In 320, Licinius reneged on the religious freedom promised by the Edict of Milan in 313 and began to oppress Christians anew. It became a challenge to Constantine in the west, climaxing in the great civil war of 324. Licinius, aided by Goth mercenaries, represented the past and the ancient Pagan faiths. Constantine and his Franks marched under the standard of the labarum, and both sides saw the battle in religious terms. Supposedly outnumbered but fired by their zeal, Constantine's army emerged victorious in the Battle of Adrianople.
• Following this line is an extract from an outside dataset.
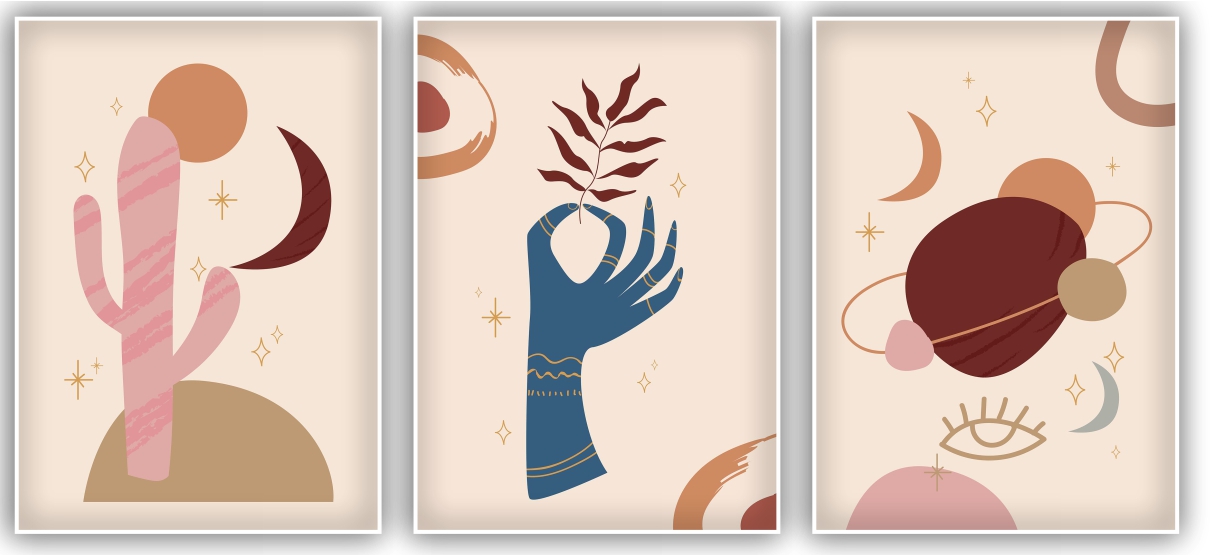Ainda sugerimos um modelo de instalação no momento de pendurar os quadros. Veja a seguir:
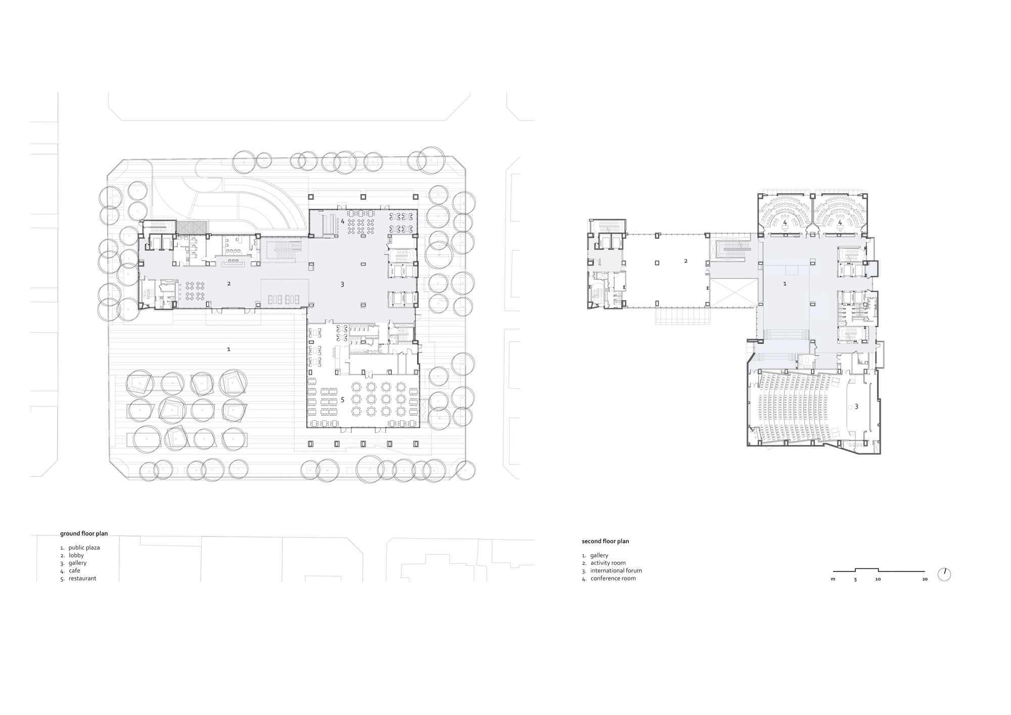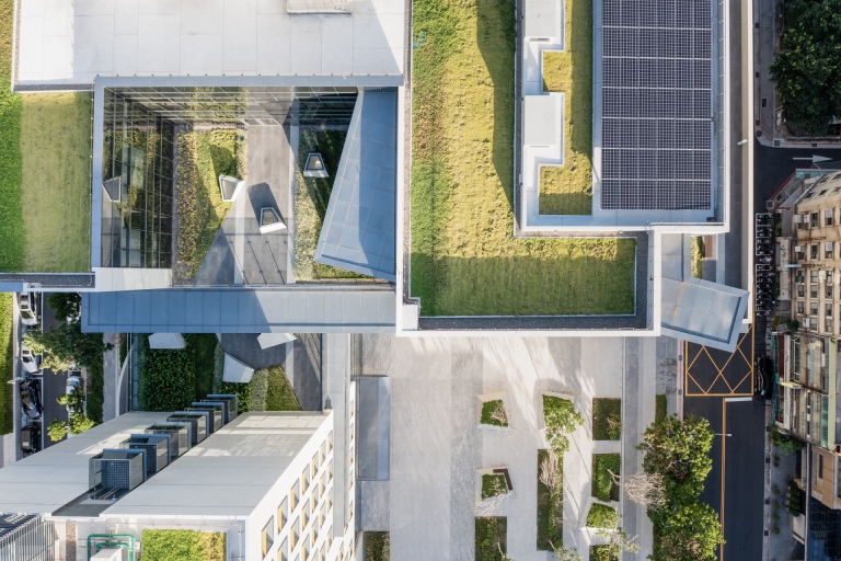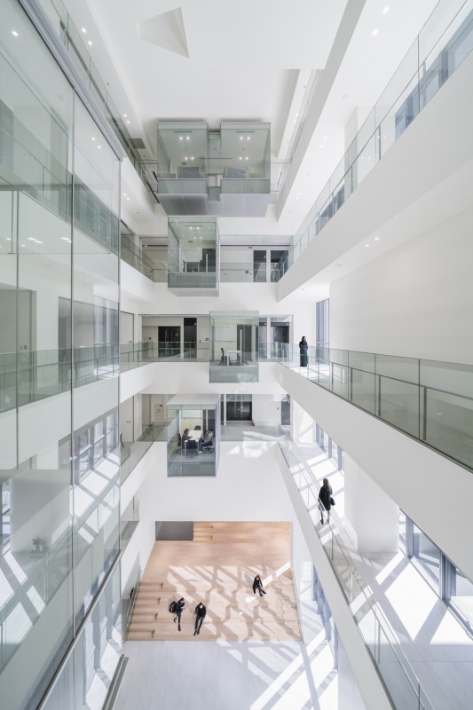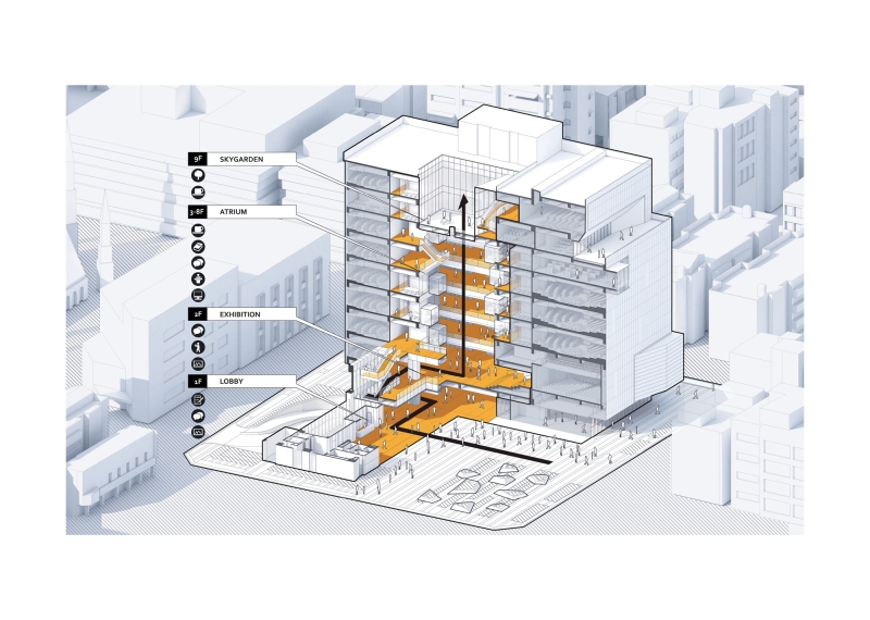 Situated within a vibrant mixed-use neighborhood, the horizontal axis arrangement of the main campus is turned into a vertical orientation. The program elements are then configured and stacked using a modular grid system and split into two volumes. One volume houses the academic and conference elements and is clad in stone, while the other comprises of 100 guest rooms with an exposed concrete facade. In between, a series of transparent volumes, namely the lobby, atrium and cafe, project the center’s inner workings to the city beyond. The major functional spaces are reachable through a series of hierarchically and sequentially arranged public areas, filled with daylight and ventilated naturally. A 30-meter high central atrium takes the place of the tradition campus quad, which is further enlivened by the glass pods of small meeting room dramatically protruding into the void. The various landscaped terraces further foster social and academic interations.

Licinius fled across the Bosphorus and appointed Martius Martinianus, the commander of his bodyguard, as Caesar, but Constantine next won the Battle of the Hellespont, and finally the Battle of Chrysopolis on 18 September 324. Licinius and Martinianus surrendered to Constantine at Nicomedia on the promise their lives would be spared: they were sent to live as private citizens in Thessalonica and Cappadocia respectively, but in 325 Constantine accused Licinius of plotting against him and had them both arrested and hanged; Licinius's son (the son of Constantine's half-sister) was also eradicated. Thus Constantine became the sole emperor of the Roman Empire, ending the civil wars of the Tetrarchy.